The scoring system assigned this response a score of 0.525, exceeding the 0.5 threshold and giving it a green light. It was only by chance that the error was detected, as "1987" seemed incorrect. Upon verification, it turned out that every specific detail of this sentence was invented. The score had increased due to the heightened specificity, but the quality had dropped as the model became more confident in its fabrications. This discovery underscored that reliance on a single score to evaluate fidelity was insufficient.

The Limitations of Current Evaluation Systems

LLM evaluation systems often fail in three main ways, typically before anyone notices. First, a response that seems correct is not always accurate. The fluency and structure of a response can mask factual errors. Second, the most problematic hallucinations are not those that are easily spotted. For example, no one deploys a model that claims the Eiffel Tower is in Berlin. It is the domain-specific assertions that seem correct to non-experts that pose the greatest problems. Finally, the fundamental issue is that a single score does not constitute a decision. A threshold set at 0.5 allows responses with scores of 0.51 and 0.95 to pass, even though one of them may have required human review.

The Requirements for an Effective Evaluation System

Before developing a solution, five strict constraints were established. The system had to operate in milliseconds, as slowing down user responses is not feasible. There should be no API calls on the standard path, and the LLM judge had to be a fallback solution, as the costs per evaluation call are not viable at scale. Additionally, the system had to ensure that the same input produced the same score every time; otherwise, regression tests would be meaningless.

The other two constraints concerned explainability. Every rejection had to be accompanied by a clear language explanation, not just a numerical score, as a "score: 0.43" does not indicate what needs to be corrected.

The Architecture of the System

The evaluation system is structured in three layers, each with a specific role. The first layer produces numbers, the second converts these numbers into a verdict with a comprehensive explanation. This latter part is often overlooked by existing systems, but it is crucial for understanding why a response fails in production.
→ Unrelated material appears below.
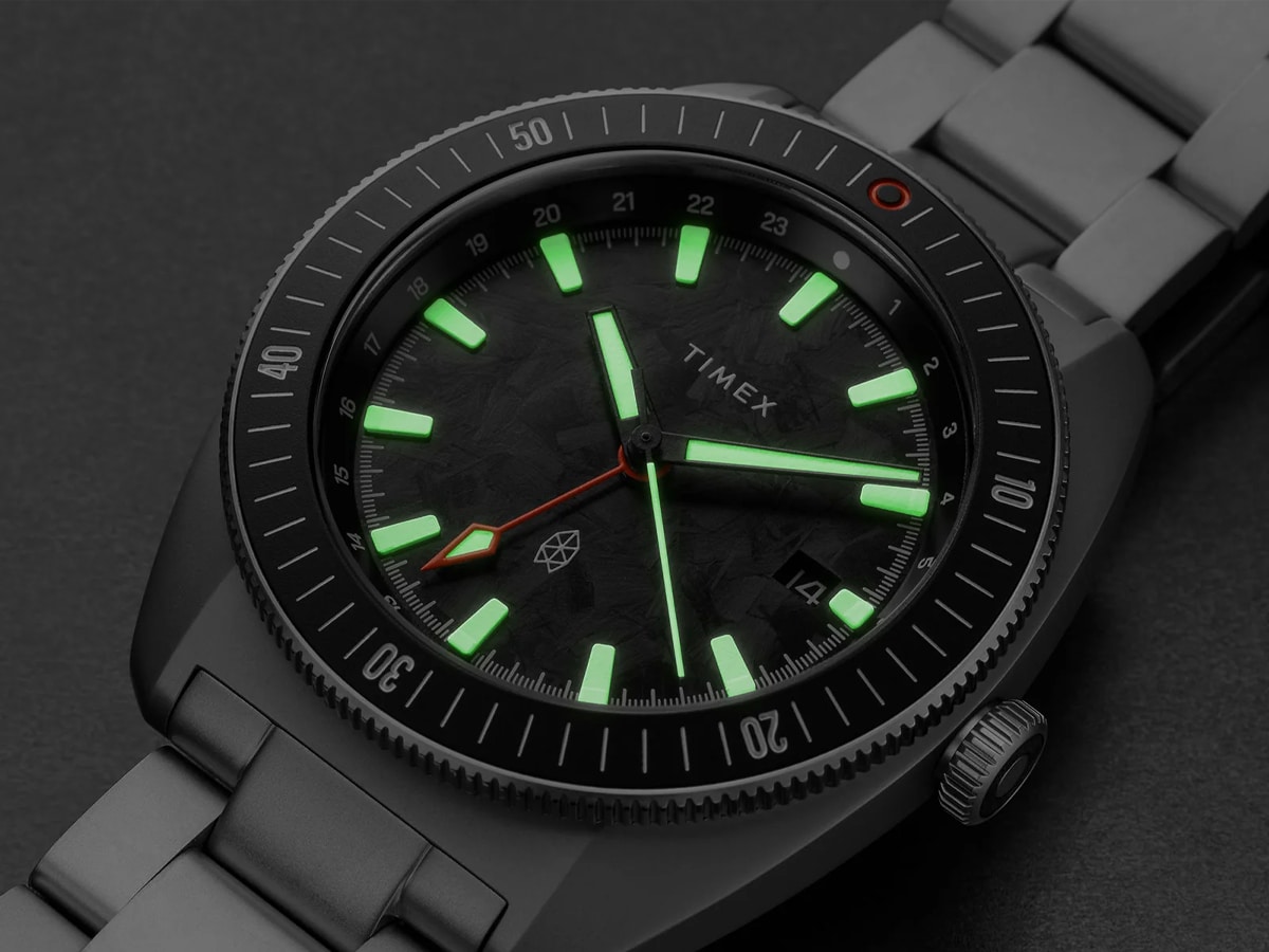 Timex снова зашёл с коллабой, которая реально радует глаз. Американская часовая компания вместе с The James Brand выпустила третьи совместные часы — James Brand × Timex Automatic GMT Nocturne Edition. Диаметр 41 мм, нержавейка и шикарное сочетание с текстурой углеродного волокна на циферблате и заводной головке — прям эстетика на уровне.

The Fundamental Dimensions of Evaluation

Fidelity, initially measured by a single score, has been divided into two distinct checks: attribution and specificity. Attribution checks whether the response is supported by the context, while specificity assesses how detailed and concrete the response is. This distinction is essential for identifying hallucinations, where a response seems detailed but is not actually based on the provided context.